В 1965 году в МХАТе после очередной отставки директора (на этот раз Б.В. Покаржевского), не было ни нового директора, ни художественного руководства. А.К. Тарасова однажды на Худсовете театра говорила: «Надо нам обсудить, как дальше работать… А то придет Товстоногов и меня сразу на пенсию…»
Может быть, именно эти слова вдохновили меня на дерзкий поступок. Я узнал, что Г.А. Товстоногов живет в гостинице «Москва», в № 926. 30 ноября 1965 года я звонил ему весь вечер и только в 11 часов дозвонился:
— Георгий Александрович, это говорит артист МХАТа Владлен Давыдов. Я бы хотел с вами поговорить об очень важном деле.
— Владлен, я готов с вами поговорить, но дело в том, что я сегодня «Стрелой» возвращаюсь в Ленинград.
После спектакля «Шестое июля» мы с В.Н. Муравьевым на каком-то «газике» помчались на вокзал, к 8-му вагону.
Времени до отхода «Стрелы» всего 20 минут. Мы быстро изложили суть дела: в МХАТе сейчас полный развал, нет даже директора… На это он нам сказал:
— Да, я готов возглавить МХАТ, но без всякой коллегии «стариков». Только моя полная власть. Мне пятьдесят лет, и я бороться или экзаменоваться не могу и не хочу. Со мной говорила об этом Фурцева, и в ЦК партии предлагали мне «попробовать», но я отказался! Завтра в Ленинградском обкоме я буду резко говорить и решать свою дальнейшую работу, так как у меня конфликт из-за спектакля. Позвоните мне пятого декабря — у меня уже все решится…
Поезд тронулся, Георгий Александрович помахал нам рукой и уехал…
На следующий день в театре все уже знали о нашей беседе с Товстоноговым. И я уже в открытую стал со всеми советоваться. Но «середняк» наш как-то колебался, а М.М. Яншин позвал меня 2 декабря к себе на обед. Конечно, мы говорили с ним о театре и о Товстоногове. Он высказался «за», говорил, что готов ввести его в театр и помогать. И почему-то вспомнил, как в конце 20-х — начале 30-х годов РАПП (Авербах, Киршон, Либединский) настраивал молодежь МХАТа скинуть «стариков». А Фадеев поддержал тогда Яншина, сказав, что «это же нелепость»…
Позвонил я, конечно, и Виталию Яковлевичу. Он мне сказал одно:
— Не надо никуда ходить, а все делать надо в открытую, и самое важное, чтобы Грибов, Степанова и Тарасова были «за»…

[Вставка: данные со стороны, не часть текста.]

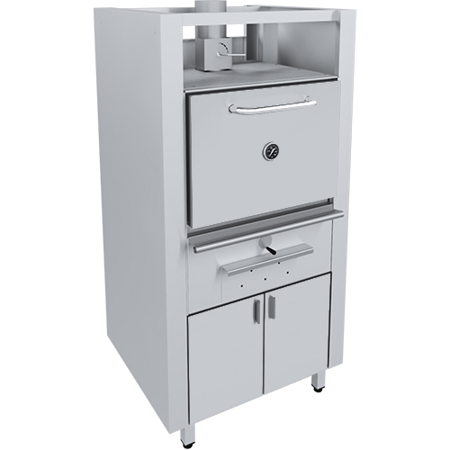 Производитель: ПИЩТЕХ Страна: Россия Артикул: ПМ-0,25 Габариты (ДхШхВ), мм: 782х787х1630 (1650)мм Гарантийный срок: 12 мес. Масса без упаковки, кг: 210 Масса в упаковке, кг: 237.5 Гриль-мангал ПИЩТЕХ ПМ-0,25 (НА ПОДСТАВКЕ, 782х787х1630 (1650)мм) Гриль-мангал предназначен для жарки мяса, овощей, грибов и др. на углях. Он совмещает в себе преимущества закрытой печи и мангала. Работает только на древесном угле. Можно использовать в помещениях только совместно с гидрофильтром. Гриль-мангал имеет вид герметичной камеры. Камера сделана из жаростойкой стали толщиной 5 мм. Лицевая рамка сделана из жаростойкой нержавеющей стали толщиной 5 мм. Внутри камеры имеются направляющие для решетки и подставки под шампура. В нижней части камеры установлен ящик для золы. Выше ящика есть дефлектор подачи воздуха, поворачивая ручку, можно добавлять или убавлять приток воздуха. Наверху на камере есть шибер с искрогасителем. Шибер применяется для регулировки воздуха. Искрогаситель имеет лабиринтную форму для задержания искр и копоти. Жарочная камера установлена на сварном каркасе и обшита нержавеющими панелями. На передней части двери имеется термометр, который показывает температуру в камере. Для транспортировки гриль-мангал установлен на деревянный поддон, обтянут пленкой-стрейч, упакован в картонный короб и оббит деревянным ящиком. Решетка, ограждение углей уложены во внутрь.

Я понимал, что это риск на всю жизнь, но терять уже нечего, а выиграют от этого все — МХАТ! Правда, глаз и тон Товстоногова меня очень насторожили и даже испугали. О, это, может быть, страшный ход… Но это лучше, чем сладкое гниение в течение 40 лет, и когда оно кончится — никто не знает…
На репетиции Б.Н. Ливанов мне вдруг зло сказал:
— Хлопочете за Товстоногова?
— А чего вы его боитесь?
— Мы — боимся?! Это он должен нас бояться!
А П.В. Массальский прямо мне заявил, что он уже не верит во внутренние силы и поэтому думает так же, как и я.
Вечером на «Анне Карениной» я говорил с Б.Я. Петкером; он, как хамелеон, но говорил о высоких принципах… Сказал, что против Ливанова, но за Товстоногова…
И вся наша затея кончилась после разговора по телефону 6 декабря с Товстоноговым. Он сказал, что у него все выяснилось и он остается в Ленинграде — в БДТ. И только спросил меня:
— А как «старики»? Ну вот, я же вам говорил. А интересно — как Яншин? Как Прудкин?
— С Прудкиным я не говорил, а Яншин — «за»…
В конце декабря 1965 году Е.А. Фурцева назначила в МХАТ опять нового директора — Константина Алексеевича Ушакова, который пробыл на этом посту дольше всех — 17 лет. Власть в театре стабилизировалась, но все проблемы с репертуаром, труппой, режиссурой и художественным руководством остались. И снова начались советы, собрания, дебаты…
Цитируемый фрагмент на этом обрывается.